Abdul Yasin Basirun, pria berusia 71 tahun kelahiran Gorontalo, sehari hari menjalani aktivitasnya sebagai pemulung di Kota Luwuk. Pekerjaan itu sudah ia lakoni sejak 10 tahun lalu, tepatnya pada tahun 2011.
Abdul Yasin lahir pada tanggal 8 Januari 1950 di Gorontalo. hijrah ke Kota Luwuk, Kabupaten Banggai Sulawesi Tengah sejak tahun 1988. Ia mempuyai saudara yang merupakan kakak darinya di Kota Luwuk.
Ia memiliki dua orang istri dan lima orang anak yang masing-masing telah berkeluarga. Istri pertama dan anak ke tiganya, telah meninggal dunia.
Saat pertama kali menginjakan kakinya di Luwuk, ia memulai pekerjaaan sebagai tukang sensor kayu di hutan. Pekerjaan itu ia lakukan selama tiga tahun.
Setelah menjalani pekerjaan selama tiga tahun menjadi tukang sensor, ia berhasil mengumpulkan modal dan beralih jadi penjual ikan di pasar Simpong pada tahun 1993.
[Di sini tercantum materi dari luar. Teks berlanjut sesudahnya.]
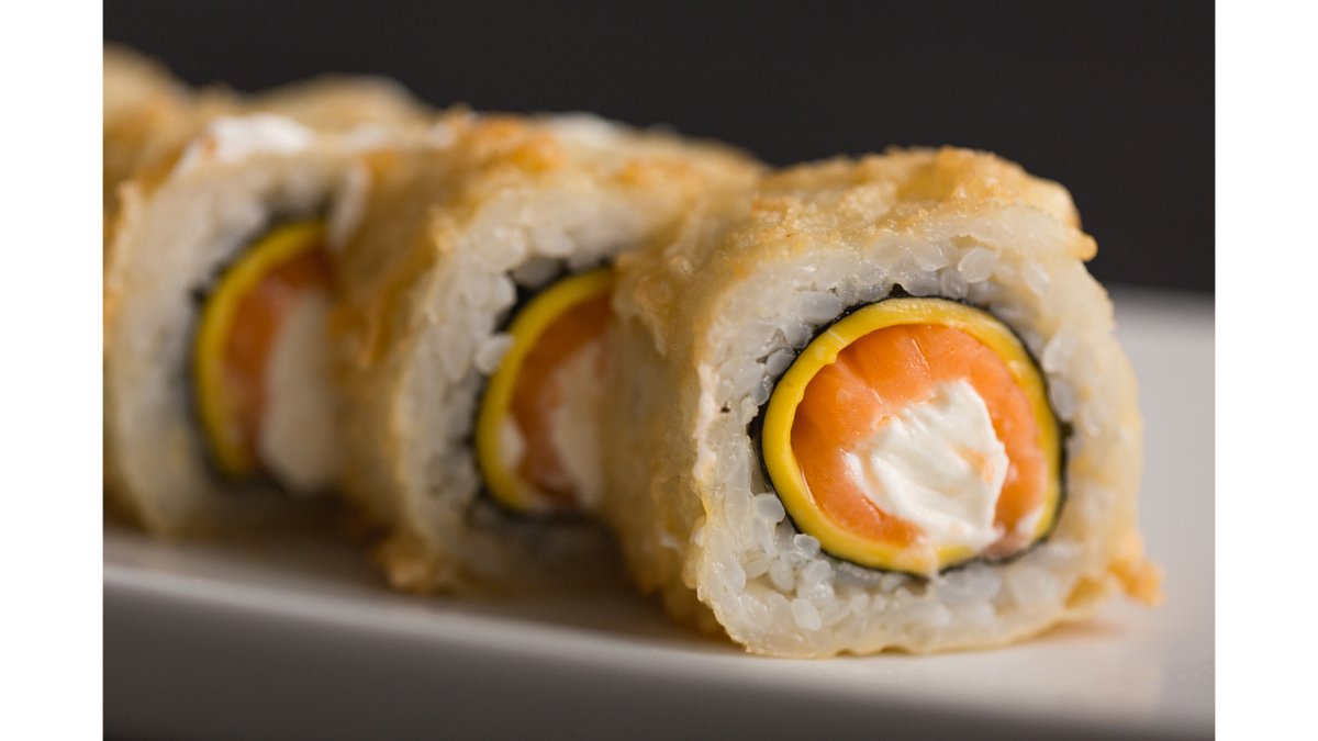 Жареный ролл с лососем и двумя видами сыра

Sayangnya, ketika usahanya mulai jalan dengan cukup pesat, pasar Simpong pada saat itu dilanda musibah kebakaran yang cukup besar. Itu merupakan kebakaran pertama kali melanda pasar tersebut.
Kemudian, pada tahun 2001, Abdul Yasin bekerja di agen denreng sabar menanti selama 4 tahun lamanya.
Merasa tak cocok lagi dengan tempat pekerjaannya di agen itu, Abdul Yasin memilih untuk istrahat dari kerjanya tahun 2005 dan beralih memelihara kambing.
Kambing yang ia pelihara awalnya satu ekor betina ia beli hasil dari tabunganya. Setelah beberapa tahun dipelihara, kambing menjadi 30 ekor.
Hanya saja, dari 30 ekor kambing yang ia pelihara, hanya 6 ekor saja yang berhasil terjual dan menghasilkan. Karena saat itu hewan peliharaanya diserang oleh penyakit.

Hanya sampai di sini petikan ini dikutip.